- [EXERCISE]: What is needed is a word-for-word copy of the lines below from the one with "石塔に彫られた文字と花柄彫刻" through the one with "China, Chinese passport", both included, with every picture left out.

══ GIVEN RECORDS ══

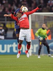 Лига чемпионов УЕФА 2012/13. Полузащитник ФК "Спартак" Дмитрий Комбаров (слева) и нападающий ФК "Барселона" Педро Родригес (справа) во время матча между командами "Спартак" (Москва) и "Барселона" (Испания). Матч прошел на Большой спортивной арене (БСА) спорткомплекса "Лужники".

═══
══ GIVEN RECORDS ══

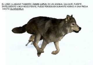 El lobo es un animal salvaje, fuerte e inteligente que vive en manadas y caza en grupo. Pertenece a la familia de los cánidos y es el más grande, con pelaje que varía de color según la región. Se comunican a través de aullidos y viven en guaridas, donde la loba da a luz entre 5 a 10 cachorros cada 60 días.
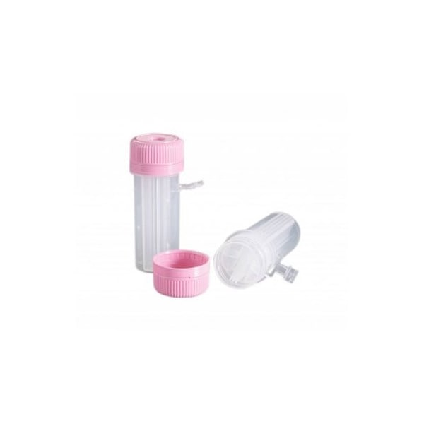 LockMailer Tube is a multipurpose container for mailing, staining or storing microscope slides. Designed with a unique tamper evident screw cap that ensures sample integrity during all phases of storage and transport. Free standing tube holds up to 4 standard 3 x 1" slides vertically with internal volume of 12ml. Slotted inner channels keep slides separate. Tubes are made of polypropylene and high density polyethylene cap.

═══
══ GIVEN RECORDS ══

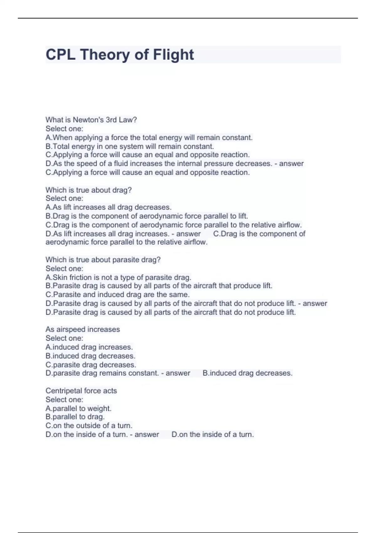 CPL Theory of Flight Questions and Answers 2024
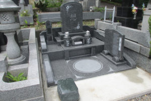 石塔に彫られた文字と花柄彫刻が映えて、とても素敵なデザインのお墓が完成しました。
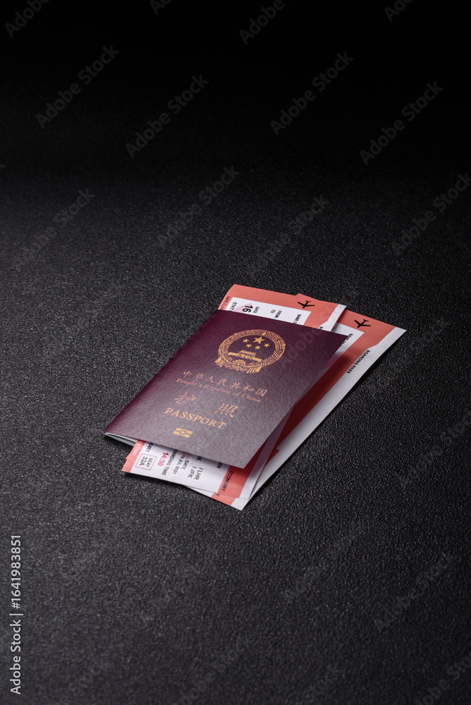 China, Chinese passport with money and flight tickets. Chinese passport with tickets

═══

- [RESULT]:
 石塔に彫られた文字と花柄彫刻が映えて、とても素敵なデザインのお墓が完成しました。
 China, Chinese passport with money and flight tickets. Chinese passport with tickets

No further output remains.